Here, the prior holding of a court of coordinate jurisdiction should not be disturbed unless defendant has made a showing *409that extraordinary circumstances exist which warrant a departure from the doctrine of the law of the case. Defendant does not specifically address the issue of the law of the case doctrine, however, he does argue that there has been a change in the law which merits dismissal of the count of depraved indifference murder. Consequently, a determination with respect to this motion warrants a brief discussion regarding the history and progression of depraved indifference jurisprudence in the State of New York.

Until recently, the law of depraved indifference murder was controlled by the Court of Appeals’ 1983 holding in People v Register (60 NY2d 270 [1983], cert denied 466 US 953 [1984]). Under Register, the crux of depraved indifference murder was “recklessness exaggerated by indifference to the circumstances objectively demonstrating the enormity of the risk of death from the defendant’s conduct” (People v Sanchez, 98 NY2d 373, 380 [2002]). For approximately 20 years, the Court of Appeals steadfastly adhered to this objective standard, specifically declining to add a further mens rea element “or substantive requirements of subjectively defined characteristics” which the court felt would “only confuse rather than clarify” (id. at 384).

The first indication that adherence to the rule of Register was being questioned came in 2004 with the Court of Appeals’ decision in People v Gonzalez (1 NY3d 464, 468 [2004]). In Gonzalez, the Court concluded that a person cannot act both intentionally and recklessly with respect to the same result, and that “[w]hen a defendant’s conscious objective is to cause death, the depravity of the circumstances under which the intentional homicide is committed is simply irrelevant” (id.).

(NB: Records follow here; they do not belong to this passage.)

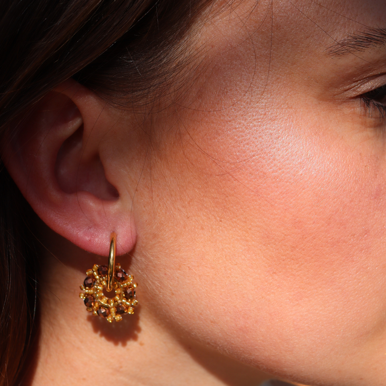 The Steel Me Bronze Earrings showcase a delicate handwoven bronze beaded disc pendant that gracefully moves on a 20mm yellow gold hoop. This elegant combination exudes a classy and chic aesthetic, making these earrings the perfect refined accessory to elevate your summer style.
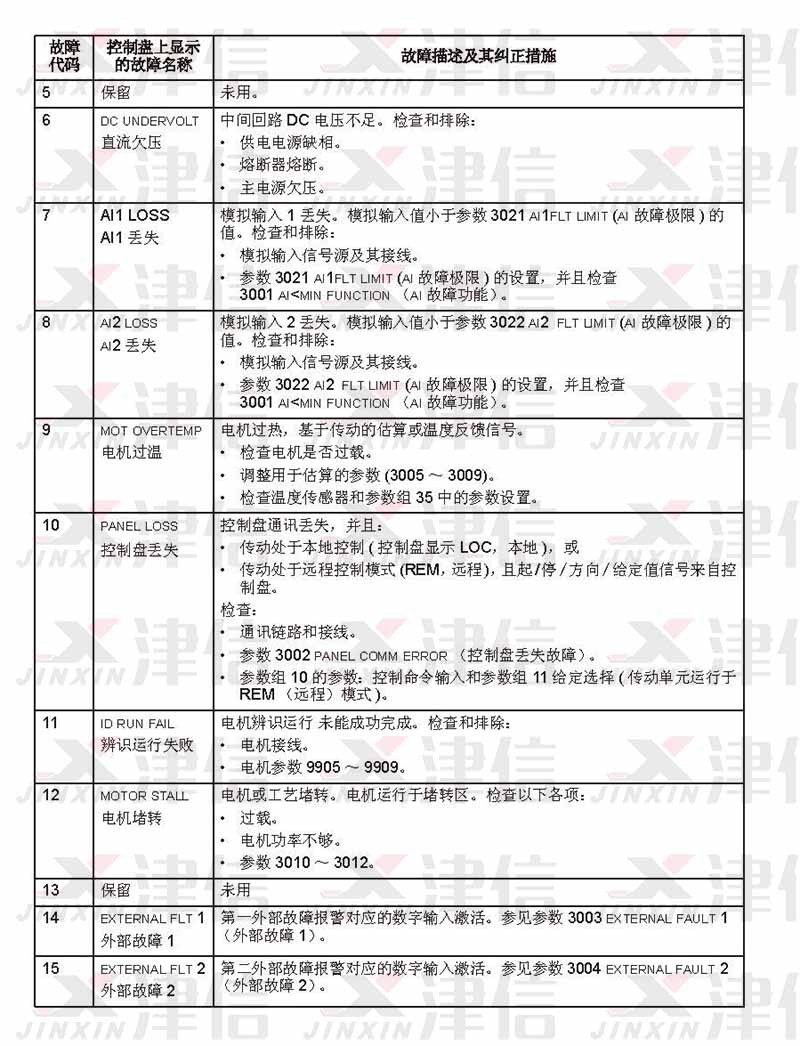 二、ABB ACS550 故障代碼F0005,6,7,8,9,10,11,12,13,14,15
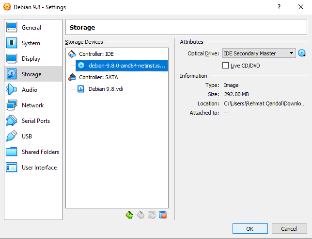 - select file location for Debian 9.8 but the default location is fine just leave it as default.
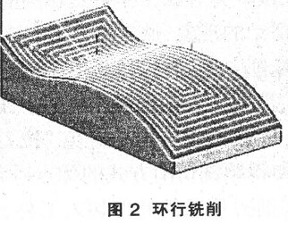 ( 2) 環(huán)行銑削( 圖 2) 。這種切削方式是同時對多張曲面進行加工的計算方法, 其走刀路線是以外輪廓的形狀由外向內(或由內向外)進行走刀, 是最常用的走刀方式之一。
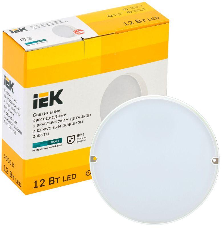 Светильник светодиодный ДПО 2013Д 12Вт IP54 4000К дежурный режим круг белый с акустическим датчиком, код LDPO3-2013D-12-4000-K01, производитель IEK
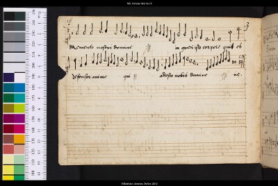 General NoteAnnotations/Corrections: Chorus' and 'Solus' indicated on f. 58; at end of f. 58 'verte'; 2a pars beginning on f. 58v (no title); last note of f. 58v corrected or split; |
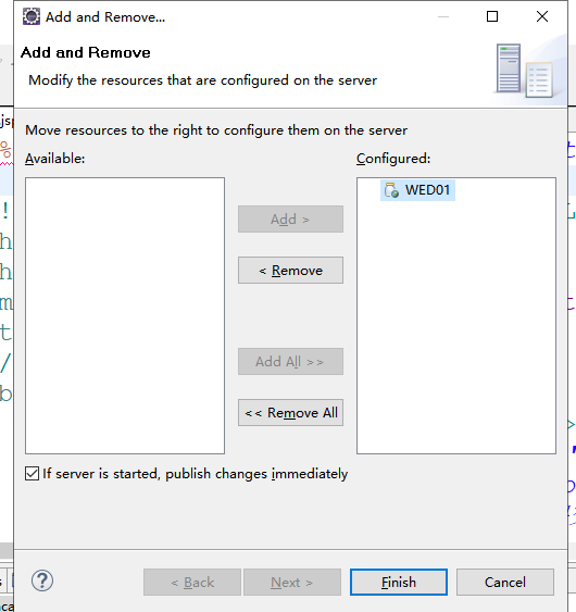 选择Available里你的项目点击add就好 设置完毕点击Finish
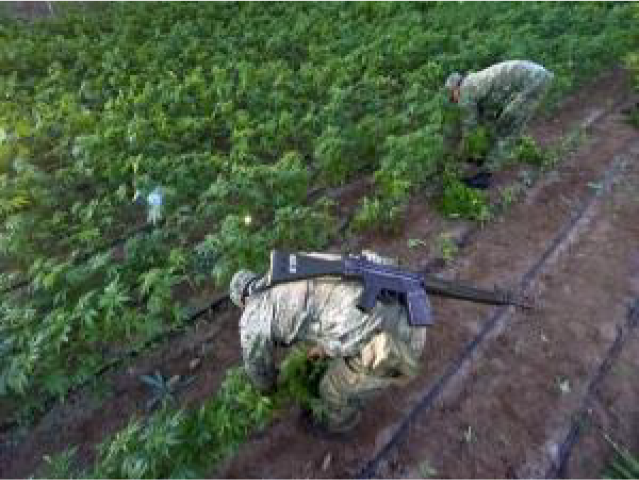 Marihuana en Chihuahua se ha confiscado 153 toneladas 484 kilos, y en Durango 92 toneladas 307 kilos y en Sinaloa: 187 toneladas 962 kilos.
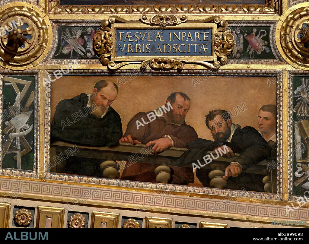 Caption: Portraits of Vasari's collaborators. Date/Period: 1563 - 1565. Oil painting on wood. Height: 130 mm (5.11 in); Width: 250 mm (9.84 in).

Later that year, the Court of Appeals issued its decision in Payne wherein it stated that depraved indifference murder “may not be properly charged in the overwhelming majority of homicides that are prosecuted in New York” (Payne, 3 NY3d at 270), for when there is a “manifest intent to kill,” the use of a weapon may never qualify as depraved indifference murder (id. at 271).

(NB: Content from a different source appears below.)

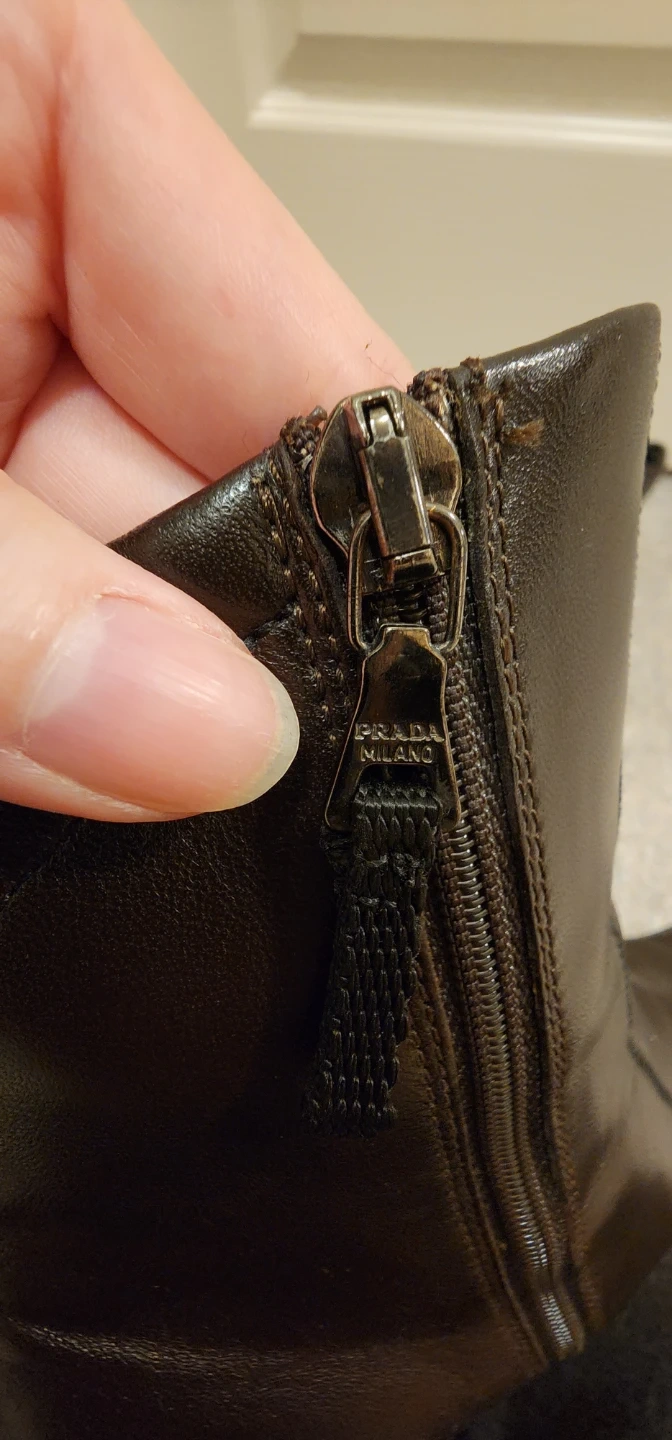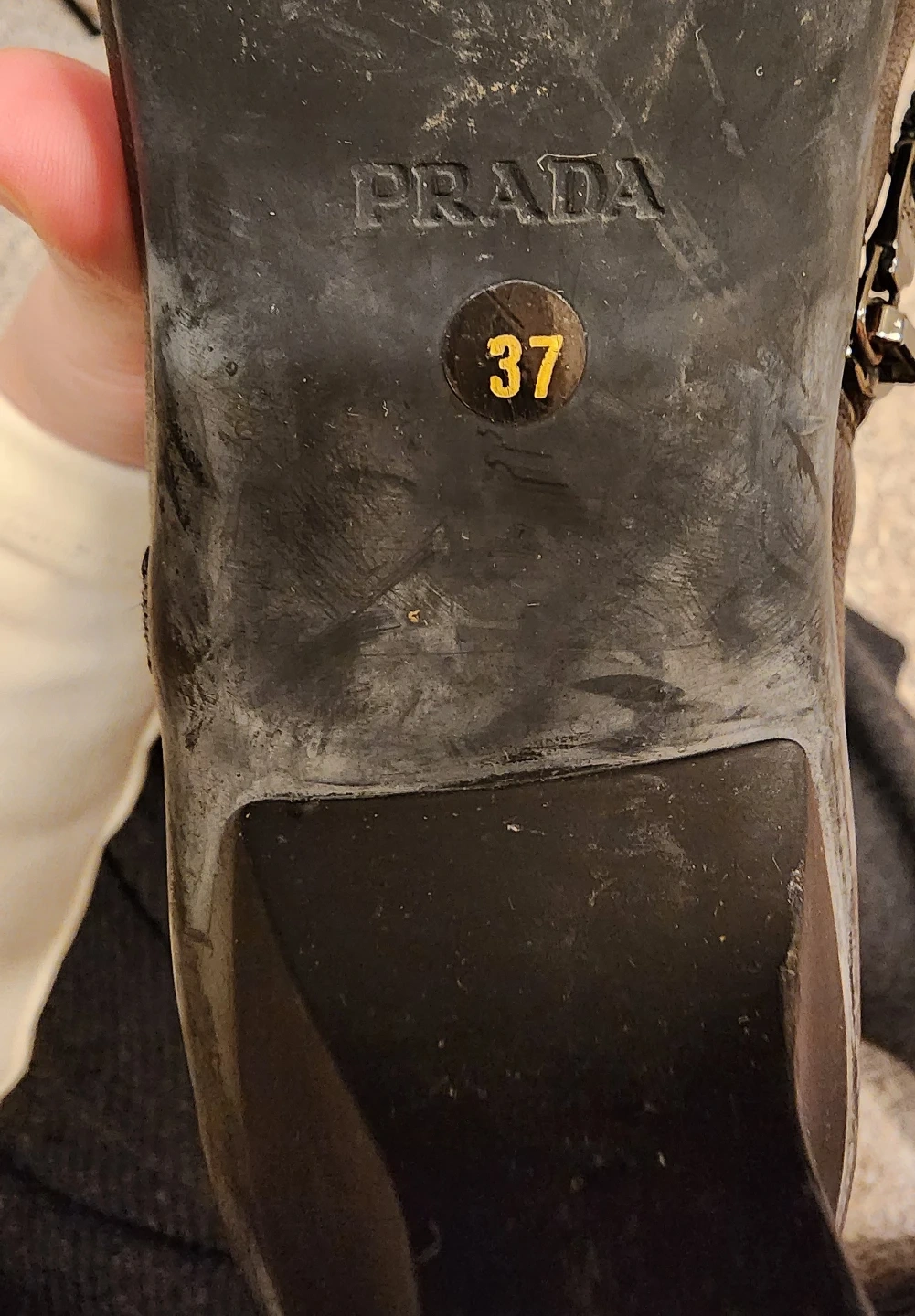 $200 firm, authentic Prada Milano kitten heels boots. Similar styles selling between $400-1500 CAD +taxes on various websites. Pickup near Rupert Station area, first come first serve. Condition: Good, gently used condition with no visible flaws and minor wear to sole and heels Item Details: • Brand: Prada Milano • Color: Brown • Country of Origin: Italy • Style: Ankle boots • Material: 100% geniune leather • Size: IT 37 (US 7 Women's) • Heels Height: 3cm (1-inch) • Sole: Rubber • Toe Style: Square • Closure: Zipper • Comes With Original Box?: No • Styles: Minimalist, Old Money **PICKUP ONLY @ Rupert Station area** *first come first serve *SOLD AS IS
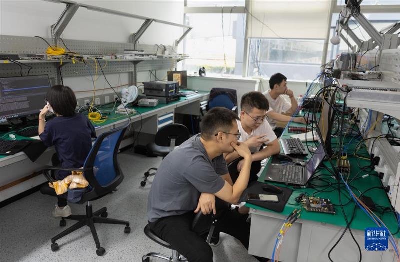 在成都中科微信息技術研究院有限公司,通信及芯片團隊在討論研究工作(2022年9月21日攝)。新華社記者 江宏景 攝

Approximately one year later in December of 2005, the Court of Appeals further limited the application of depraved indifference murder “only to a small, and finite, category of cases” (People v Suarez, 6 NY3d 202, 207 [2005]). While severely limiting the circumstances under which a defendant could be convicted of depraved indifference murder, the Court stopped short of explicitly overruling the holding in Register. It was not until almost seven months later in a majority opinion dated *410July 5, 2006, that the Court of Appeals overruled Register by holding that “depraved indifference to human life” is a culpable mental state (People v Feingold, 7 NY3d 288, 294 [2006]).

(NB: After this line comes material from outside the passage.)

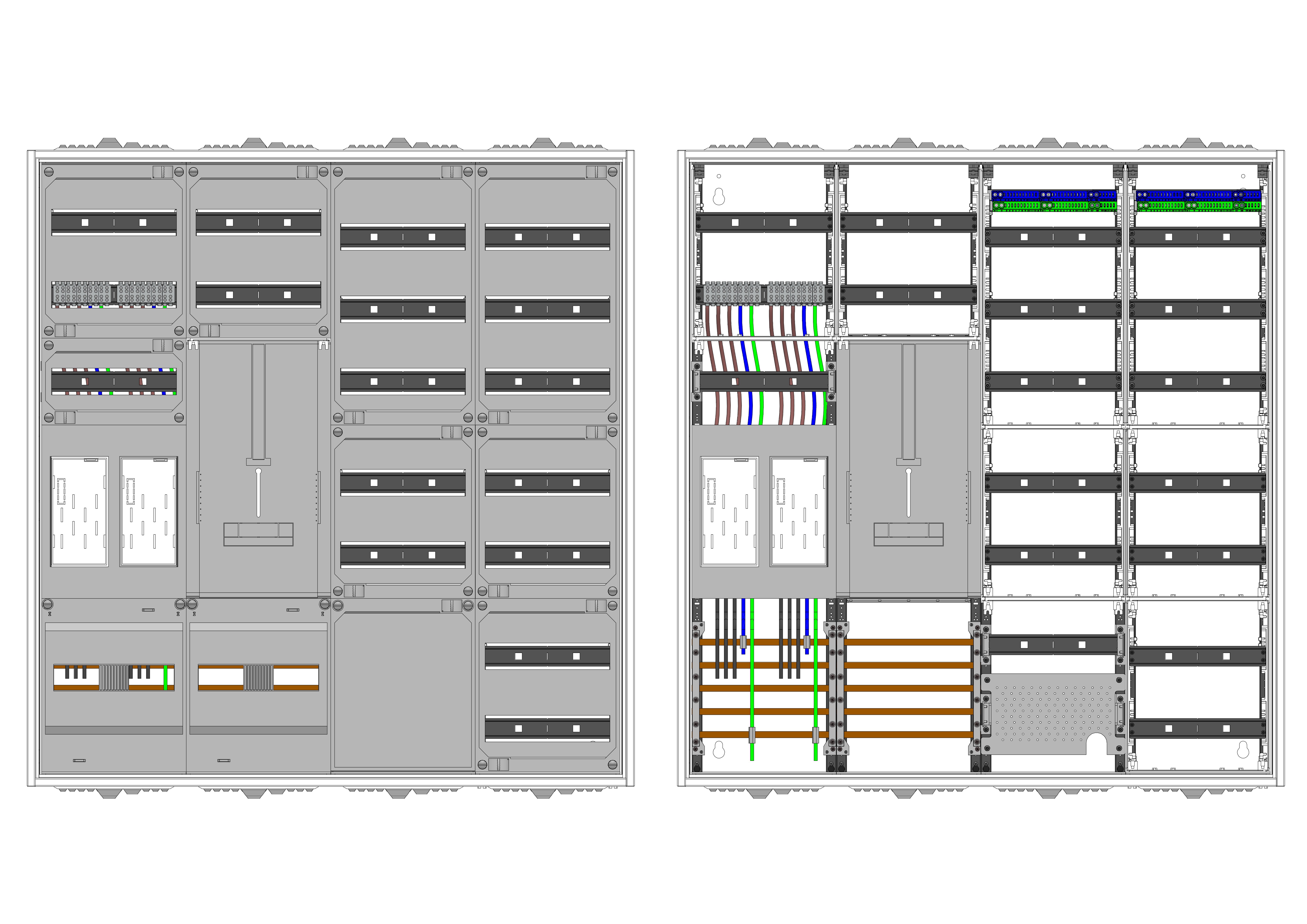AEZ42-230-027, eHZ-Zählerverteilung nach VDE 0603, DIN43870, 4100:2019-04 für den Innenbereich für Wandbefestigung AP/UP, Fabr. Alphatec, BxHxT [mm] = 1050x1100x230, Schutzklasse II, IP54, RAL 7035, Bestehend aus: Gehäuse, Doppeltür mit Schwenkhebel für Profilhalbzylinder, Flansche SF45 (oben) und SF41 (unten) und Berührungsschutzabdeckungen, aufgebaut wie folgt: 2x Zählerplatz, 1x TSG-Platte, 5x Hutschienen in Verteilerfeld 1 (12TE), 1x APZ in Verteilerfeld 1, 7x Hutschienen in Verteilerfeld 2 (12TE), geeignet für TSG-Hutschienenmontage: nein, inkl. Querverdrahtung, komplett zusammengebaut und verdrahtet gemäß VNB.0001

The decision in Feingold left open the question as to whether this new precedent operated retroactively and, if so, to what extent. The issue of its application in collateral proceedings was considered by the Court of Appeals in its 2006 decision in Policano v Herbert (7 NY3d 588 [2006]). After weighing the three factors set forth in People v Pepper (53 NY2d 213 [1981]), the Court determined that the purpose to be served by the new standard, the extent of the reliance by law enforcement authorities on the old standard and the effect on the administration of justice of a retroactive application of the new standard all militated in favor of nonretroactivity (Policano, 7 NY3d at 603-604).

In November of 2008, the Court of Appeals was presented directly with the issue of the application of its holding in Feingold to cases pending on direct appeal (People v Jean-Baptiste, 11 NY3d 539 [2008]). It should be noted that the People argue in the affirmation in opposition that some disagreement exists among the judicial departments even as to the applicability of Feingold to cases pending on direct appeal (see People v George, 43 AD3d 560 [3d Dept 2007], affd 11 NY3d 848 [2008]; People v Castellano, 41 AD3d 184 [1st Dept 2007], affd 11 NY3d 850 [2008]).5

The People also argue that there is “ample reason for the difficulty experienced in applying the new Feingold rule.” To buttress this argument, the People claim that the Court of Appeals has “graft[ed] ... an additional culpable mental state, by case law, to the Penal Law statutes” and, in so doing, has encroached upon the Legislature’s domain.

This latter argument carries no weight with this court. Although not specifically addressed in Jean-Baptiste, the court concludes that implicit in this recent decision is the fact that the Court of Appeals disagrees with the People’s position that it has failed in its “duty to implement the will of the Legislature” (see People v Smith, 79 NY2d 309, 311 [1992]). Moreover, it does not appear at the present juncture that the Legislature itself would agree with the People’s argument. Historically, the Legislature has not failed to act (or “enact” as the case may be) *411when it feels that its legislative intent has been misinterpreted by the court (e.g. People v Ryan, 82 NY2d 497 [1993]).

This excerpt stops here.